The aforementioned table shows that the Corrected Bingham model showed the best performance of all with the lowest error in the considered hole sizes (AAPE = 4.93, MSE = 16,179). This shows that the correction coefficient from this study has significantly improved the Bingham Plastic model’s pressure estimation (AAPE = 7.65%, MSE = 37,441). The Power Law model showed the lowest performance with the highest error (AAPE = 12.83% and MSE = 64,411).

Other considerations

For future works, two points should be considered. The first point is related to a possible error related to the pressure drop in the surface system (from the mud pumps through connection lines to the standpipe and swivel). Estimation of surface pressure drop using graphs given by Gabolde and Nguyen (2006) causes some error. Therefore, it is proposed that a pressure sensor is installed so that this pressure drop is measured rather than estimated. The second point is related to calibration of the hydraulic pressure drop estimations in the drill string. Therefore, it is proposed to use downhole pressure measurements in the measurement while drilling (MWD) system, which is a practice particularly in offshore operations. Using such a sensor, by changing the circulation flow rates, the effect on the drill string pressure drop measurements is found and compared with calculations.

Conclusions and future work

The followings are summary of the conclusions drawn from this study:

  1. 1.

    The proposed method in this work (called the Corrected Bingham Plastic model) applies a correction coefficient to turbulent flow pressure drops with the aim of covering all sources of errors and eliminating or reducing the discrepancy between pressures estimated by the Bingham Plastic model and actual standpipe pressures.

  2. 2.

    Using field measurements, optimized values of the correction coefficient (Ct) were found to range from 1.08 to 1.12 in different borehole sizes of one of the fields in Iran. The value of 1.1 was found using the combined data of all borehole sizes.

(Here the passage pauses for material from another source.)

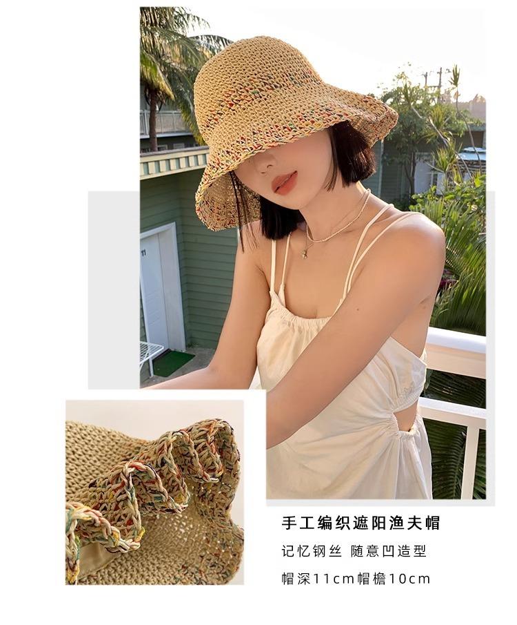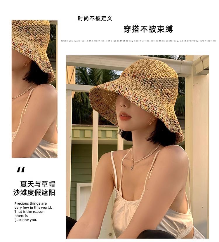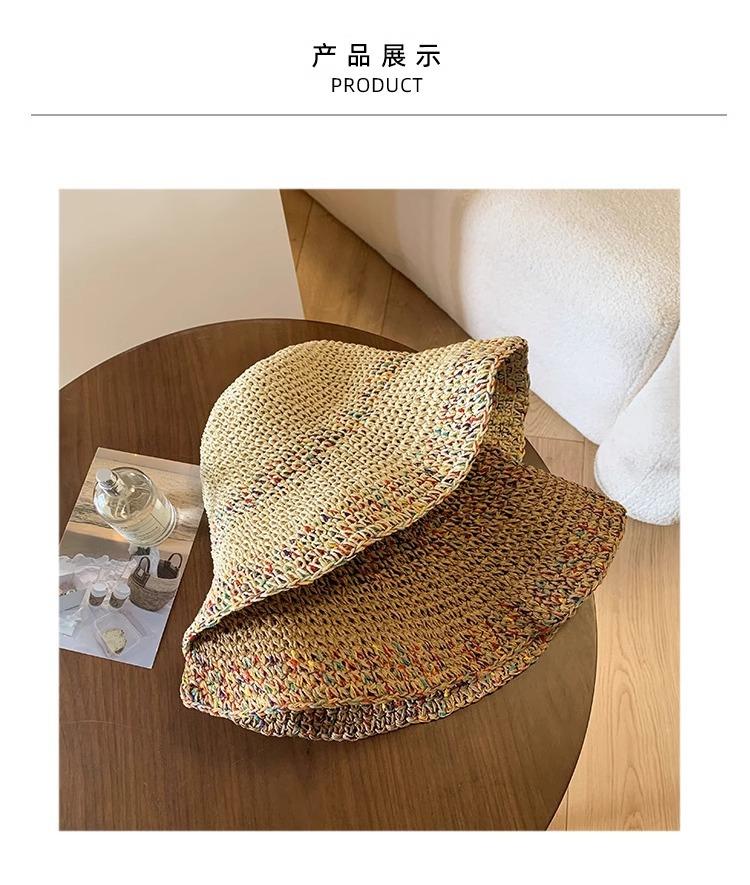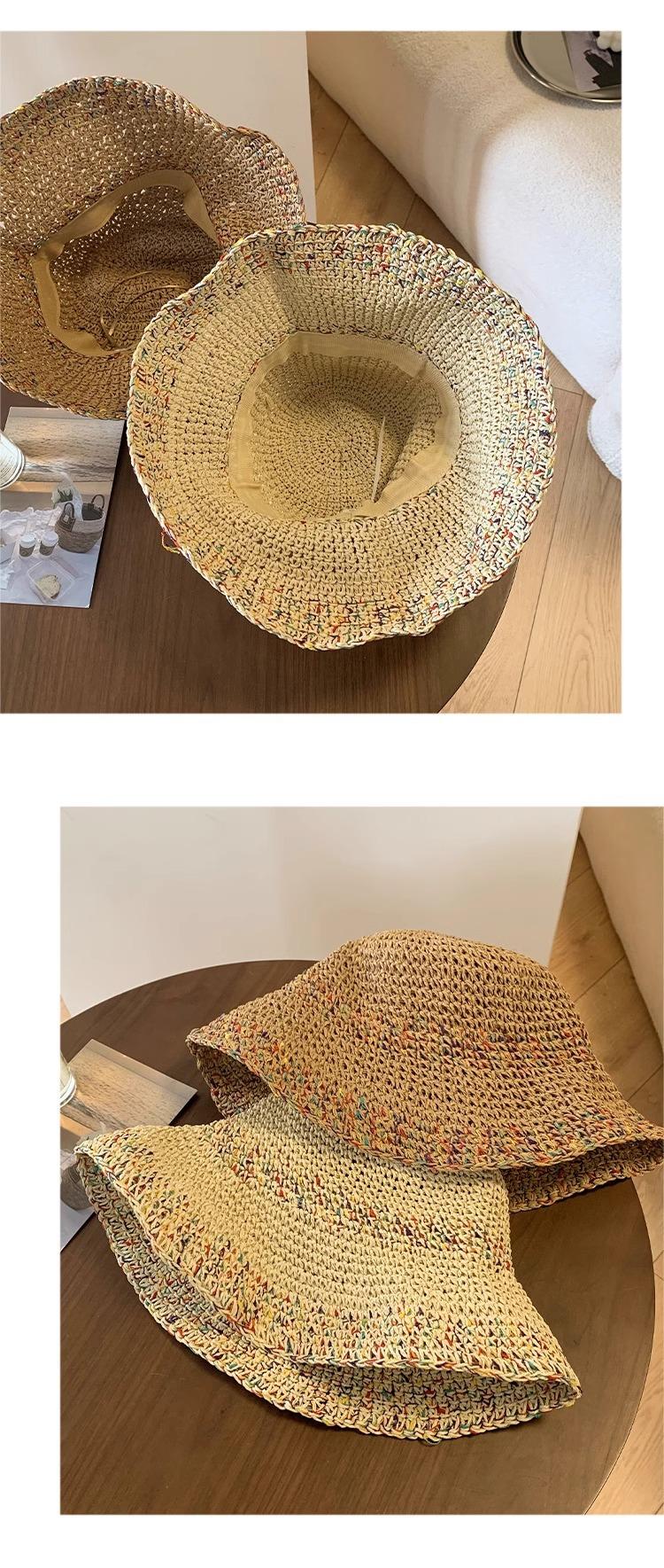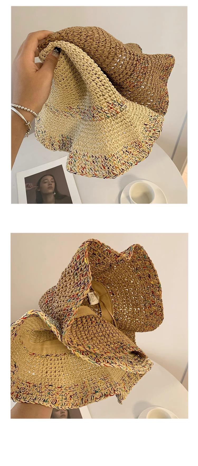 Sombrero de Pescador de Paja Nuevo 2024 para Mujer Verano Transpirable que Muestra la Cara Sombrero de Cubo Pequeño Ala Grande Protector Solar Sombrero de Paja para la Playa

As this value is close to values of each borehole, it indicates that different geometries of borehole sizes do not have a considerable effect on Ct. On average, by adding around 10% of turbulent pressure losses, the errors of the Bingham model are eliminated, and the estimated total system pressures would be almost equal to actual standpipe pressure.

  3. 3.

    Results showed that the Corrected Bingham model showed the greatest accuracy/lowest error of all (average absolute percent error (AAPE) of 4.93% and mean square error (MSE) of 16,179). Results also show that this model’s improvement is independent of the type of mud.

  4. 4.

    Placing the estimated system pressure calculated by the Corrected Bingham model as a display parameter at the rig-site mud logging data can complement measured standpipe pressure to detect and identify pressure-associated borehole problems And for application in managed pressure drilling (MPD). By using new filtered data during drilling, the correction coefficient can be empirically optimized in real time for each region.

  5. 5.

    This work presents a practical yet simple method in improving the accuracy of estimated hydraulics pressure drops. Therefore, accurate hydraulic estimations can contribute to comparison with the standpipe pressure and that can help us to detect hole problems.

  6. 6.

    As a future work, it is recommended that such data be gathered from different regions and similar data analysis be carried out in order to compare, refine, and better validate this model.